## DATA SUPPLIED

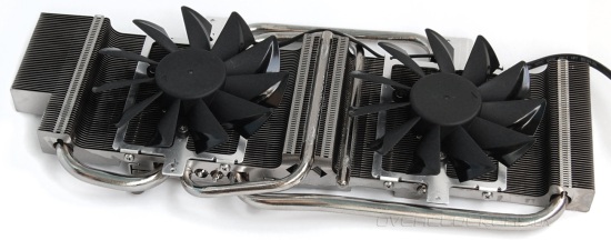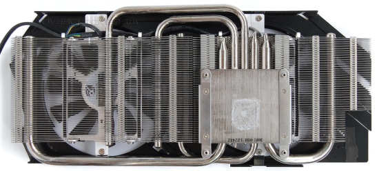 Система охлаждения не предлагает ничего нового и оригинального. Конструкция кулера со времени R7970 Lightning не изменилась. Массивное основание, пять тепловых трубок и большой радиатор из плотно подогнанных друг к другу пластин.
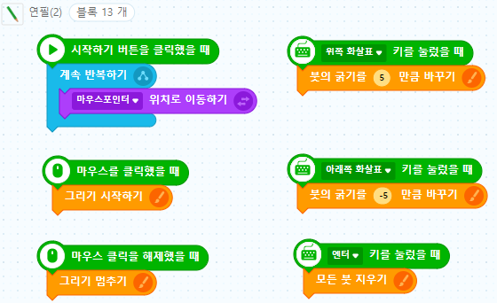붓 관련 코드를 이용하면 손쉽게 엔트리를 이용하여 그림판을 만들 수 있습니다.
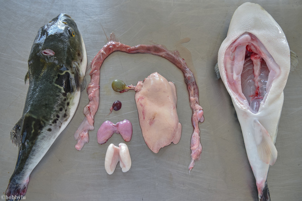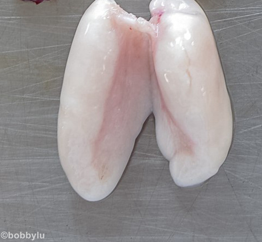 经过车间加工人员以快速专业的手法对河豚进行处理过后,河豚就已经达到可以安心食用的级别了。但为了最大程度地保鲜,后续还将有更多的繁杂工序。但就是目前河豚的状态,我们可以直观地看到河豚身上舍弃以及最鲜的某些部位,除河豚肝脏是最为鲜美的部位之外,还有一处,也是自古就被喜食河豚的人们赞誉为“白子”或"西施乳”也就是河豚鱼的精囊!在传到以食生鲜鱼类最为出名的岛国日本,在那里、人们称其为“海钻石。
==
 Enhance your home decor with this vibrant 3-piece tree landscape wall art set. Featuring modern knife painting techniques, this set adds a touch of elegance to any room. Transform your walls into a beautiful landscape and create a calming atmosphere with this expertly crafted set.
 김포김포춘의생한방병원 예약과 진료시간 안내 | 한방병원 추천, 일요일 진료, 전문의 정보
* * *
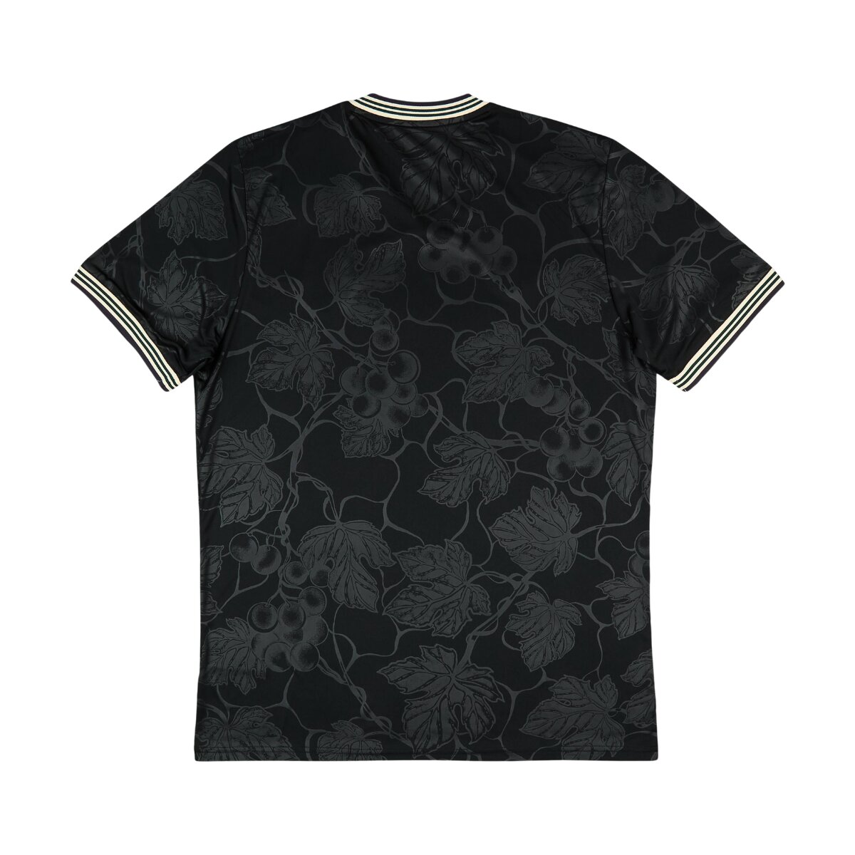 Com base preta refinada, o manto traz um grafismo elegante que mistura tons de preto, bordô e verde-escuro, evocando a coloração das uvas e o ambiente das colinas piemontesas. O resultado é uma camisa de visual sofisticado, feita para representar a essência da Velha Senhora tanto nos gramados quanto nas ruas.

## WHAT YOU WILL DO
The answer must be the part of the records that opens with the line containing "Система охлаждения не" and closes with the line containing "经过车间加工人员以快速专业的", reproduced exactly, with no pictures.

## OUTPUT OF THE TASK
 Система охлаждения не предлагает ничего нового и оригинального. Конструкция кулера со времени R7970 Lightning не изменилась. Массивное основание, пять тепловых трубок и большой радиатор из плотно подогнанных друг к другу пластин.
붓 관련 코드를 이용하면 손쉽게 엔트리를 이용하여 그림판을 만들 수 있습니다.
 经过车间加工人员以快速专业的手法对河豚进行处理过后,河豚就已经达到可以安心食用的级别了。但为了最大程度地保鲜,后续还将有更多的繁杂工序。但就是目前河豚的状态,我们可以直观地看到河豚身上舍弃以及最鲜的某些部位,除河豚肝脏是最为鲜美的部位之外,还有一处,也是自古就被喜食河豚的人们赞誉为“白子”或"西施乳”也就是河豚鱼的精囊!在传到以食生鲜鱼类最为出名的岛国日本,在那里、人们称其为“海钻石。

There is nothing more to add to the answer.